Last week, The Journal reported that some 4,000 NATO combat troops will be stationed in countries neighboring Russia. In Poland and the Baltics of Latvia, Lithuania, and Estonia, there will be from 800 to 1,000 soldiers stationed during the coldest tensions between Moscow and Washington since the end of the Cold War. The NATO’s decision has a high chance to escalate the risk of a war in Europe and a military confrontation between the world’s two largest nuclear powers: the U.S. and Russia.

And a nuclear war involving the U.S., NATO and Russia “would probably spell, if not the end of humanity, the end of any possibility of a comfortable future for humanity,” as reported by ValueWalk, citing Press TV’s interview with Don DeBar, U.S. political analyst.

“The challenge here is to deter further aggression without triggering that which you are trying to deter,” Gen. Milley told the Journal. “It is a very difficult proposition.”

NATO cannot counter Russia because of these four factors

NATO was surprised to learn about the new capabilities of the Russian armed forces, according to The Huffington Post. The news website lists four factors why Russia has surpassed NATO in the arms race.

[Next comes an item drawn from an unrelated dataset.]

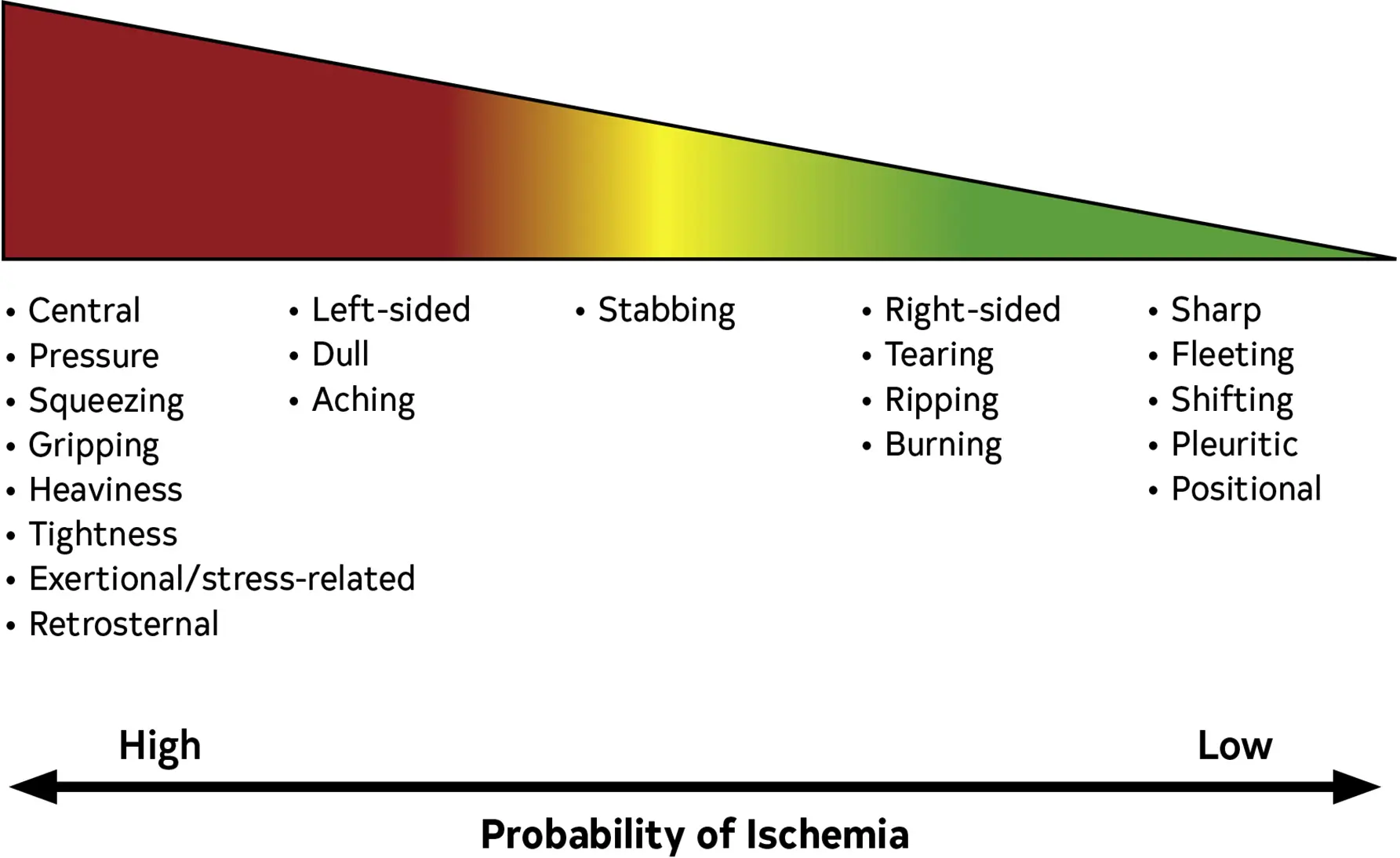 - ⚠️ Avoid the term ‘atypical chest pain’. Instead, use “cardiac,” “possible cardiac,” and “noncardiac” to describe the suspected cause of chest pain1

The first one is that Russia is always ready to start sudden large-scale military drills involving tens of thousands of its troops, while NATO members require 2-year preparation for this kind of maneuvers. Russia regularly conducts military exercises similar to Trident Juncture-2015, which is NATO ongoing largest military drills in over a decade.

The second one is Russia’s military capabilities, which have become alarming for NATO’s strategists. The Huffington Post refers to the example of Kalibr missiles, the launch of which took place in the Caspian Sea and was watched by NATO on footages. NATO militaries are especially concerned that, being stationed in the Mediterranean Sea, such missiles can target even Berlin.

The third one is the consistency and the team spirit of Russia’s armed forces compared to NATO’s military units and brigades, which consist of troops from 28 members.

The fourth one is NATO’s inability to counter Russia in certain regions. Russia’s military capabilities do not let the Alliance to provide military aid to its allies in certain areas of the world.